- Aim of the exercise
Emit a verbatim copy of the lines below from the line with "- En una sartén" through the line with "경쟁 모델 대비 비싼", excluding pictures and everything outside that range.

- Supplied entries
*** Begin section ***
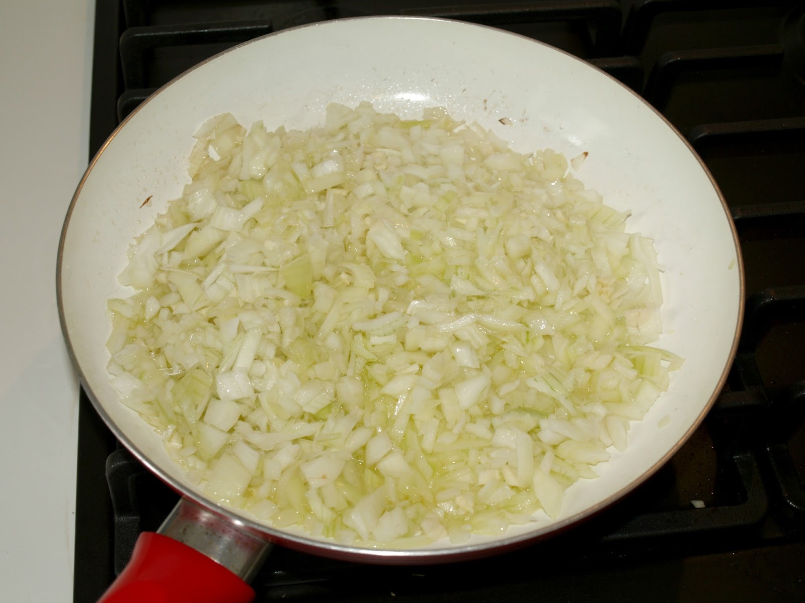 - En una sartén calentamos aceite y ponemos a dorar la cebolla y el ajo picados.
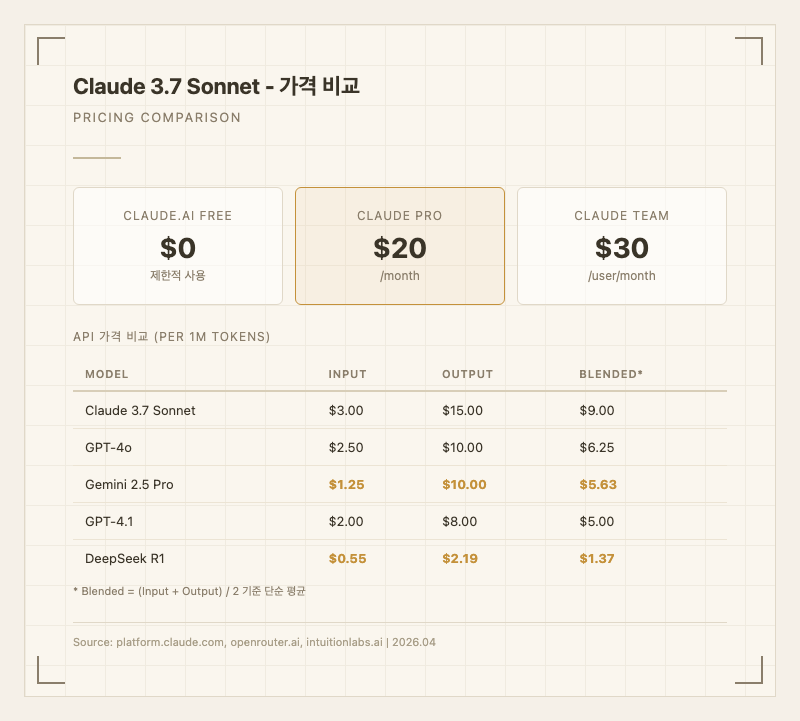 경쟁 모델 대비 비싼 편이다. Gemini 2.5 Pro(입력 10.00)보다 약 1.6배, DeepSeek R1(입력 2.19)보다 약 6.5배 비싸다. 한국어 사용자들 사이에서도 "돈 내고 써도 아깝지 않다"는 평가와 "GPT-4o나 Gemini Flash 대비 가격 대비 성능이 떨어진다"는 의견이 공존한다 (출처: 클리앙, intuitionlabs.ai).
*** End section ***
*** Begin section ***
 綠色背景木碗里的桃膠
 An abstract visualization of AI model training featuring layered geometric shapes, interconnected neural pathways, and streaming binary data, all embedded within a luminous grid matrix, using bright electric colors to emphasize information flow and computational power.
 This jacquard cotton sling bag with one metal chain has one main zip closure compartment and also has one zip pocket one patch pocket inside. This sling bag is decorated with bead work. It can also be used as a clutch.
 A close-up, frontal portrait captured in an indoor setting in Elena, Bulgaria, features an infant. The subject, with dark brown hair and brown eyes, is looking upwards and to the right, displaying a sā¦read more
*** End section ***
- Solution to the problem
 - En una sartén calentamos aceite y ponemos a dorar la cebolla y el ajo picados.
 경쟁 모델 대비 비싼 편이다. Gemini 2.5 Pro(입력 10.00)보다 약 1.6배, DeepSeek R1(입력 2.19)보다 약 6.5배 비싸다. 한국어 사용자들 사이에서도 "돈 내고 써도 아깝지 않다"는 평가와 "GPT-4o나 Gemini Flash 대비 가격 대비 성능이 떨어진다"는 의견이 공존한다 (출처: 클리앙, intuitionlabs.ai).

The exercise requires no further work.